Can cheap tablet PCs revolutionize Internet use in India?

After 15 years of public access to the Internet, India’s user base stood at 100 million last year, a largely inflated figure because of duplicate counting and inactive users. Also, there were only 5.3 million broadband users. Clearly, these are dismal numbers in a country of 1.2 billion. Contrast this with cellphone usage. Over the past decade, we have seen a cellphone revolution in India. Today, over 700 million Indians own a cellphone and by 2014 an improbable billion are expected to.

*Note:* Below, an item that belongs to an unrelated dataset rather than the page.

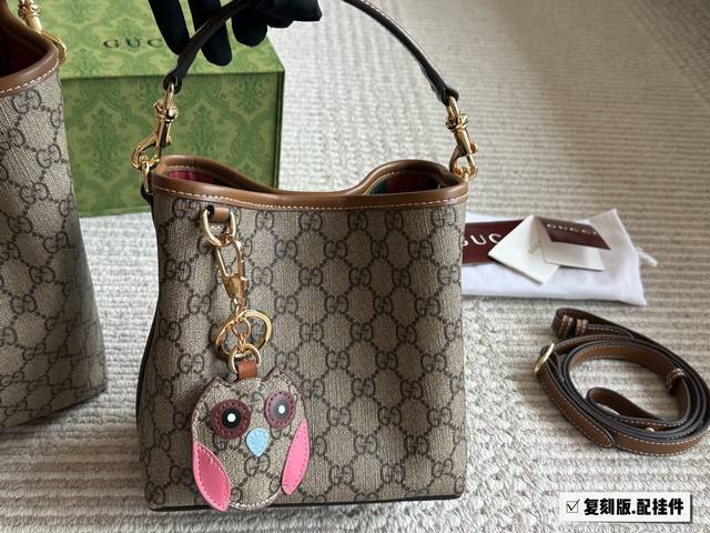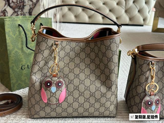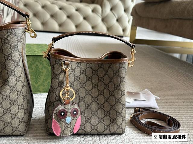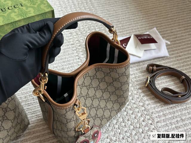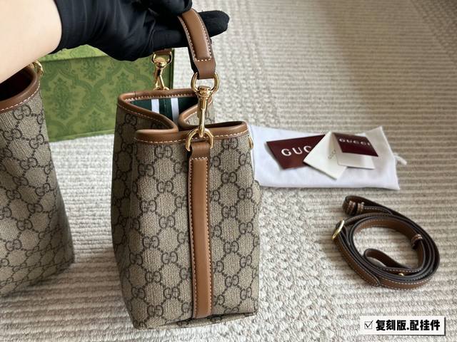 全新 系列焕新诠释品牌的隽永优雅风范和精湛工艺 这款水桶肩背包尽释实用设计美学 两个主隔层采用织带棉布衬里 中央设有一个拉链口袋 米色和深棕色全新Gg字母图案涂层织物棕色皮革滚边 饰对比色缝线红绿织带棉布衬里
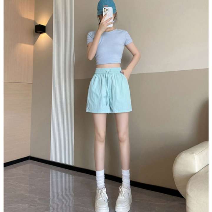 Cho ăn Lụa băng nữ quần soóc thể thao đơn giản lỏng nhanh khô

Today’s tablet PCs are tantalizingly like yesterday’s cellphones – cheap and plentiful, with the promise of getting cheaper and better. Some of the world’s lowest-priced tablets are already here in India as telecom operators hope to capitalize on nationwide availability of high-speed 3G connections and the growing popularity of the hand-held, touchscreen computers.

First we heard of a $66 tablet produced by Bharat Electronics Limited, a state-owned company. This solar-powered Android tablet is being produced only for use by government officials but surely the technology can be licensed to a private player. Then Reliance Communications, one of the largest cellular providers, unveiled a $289 tablet; Beetel, a group company of Bharti Airtel, India’s biggest provider, rolled out one that costs $222 and a Bangalore company, Lakshmi Access Communications Systems Pvt. Ltd., outdid all the private players by unveiling a $99 tablet.

None of these tablets, all based on the Android operating system, can be called the cheapest in the world for the simple reason that Hewlett Packard has begun selling off its ill-fated tablets – based on the webOS it bought from Palm – for $99 in order to clear a huge inventory and also because it plans to exit the market for all PCs. But that is largely irrelevant. Regardless, tablets are priced lower than many high-end, and even medium-priced, cellphones. That is a huge invitation for a large number of Indians, notably the middle-class and students who cannot afford a full-fledged PC.

But what next?

I pose this question because we cannot assume that the tablet market will zoom on its own. Telecom operators may have been smart in developing the low-cost tablets but 3G pricing is still beyond the reach of many. Affordability is a big factor in India’s market, as we already know.

Telecom operators need to be a lot smarter to develop the market for mobile Internet, especially tablets which, unlike the cellphone, are a new product.  In the cellphone market, they needed to do little except cut tariffs to dramatically expand the market. With 3G, this obviously isn’t going to work, simply because the operators have paid far too much for spectrum and 3G still doesn’t have the scale that can lead to sharp tariff cuts. In fact, even call rates have hardened in the past few months, signaling probably the end of tariff wars, if not cheap calls.

Can we expect the telecom operators to come up with true Innovations including innovative pricing?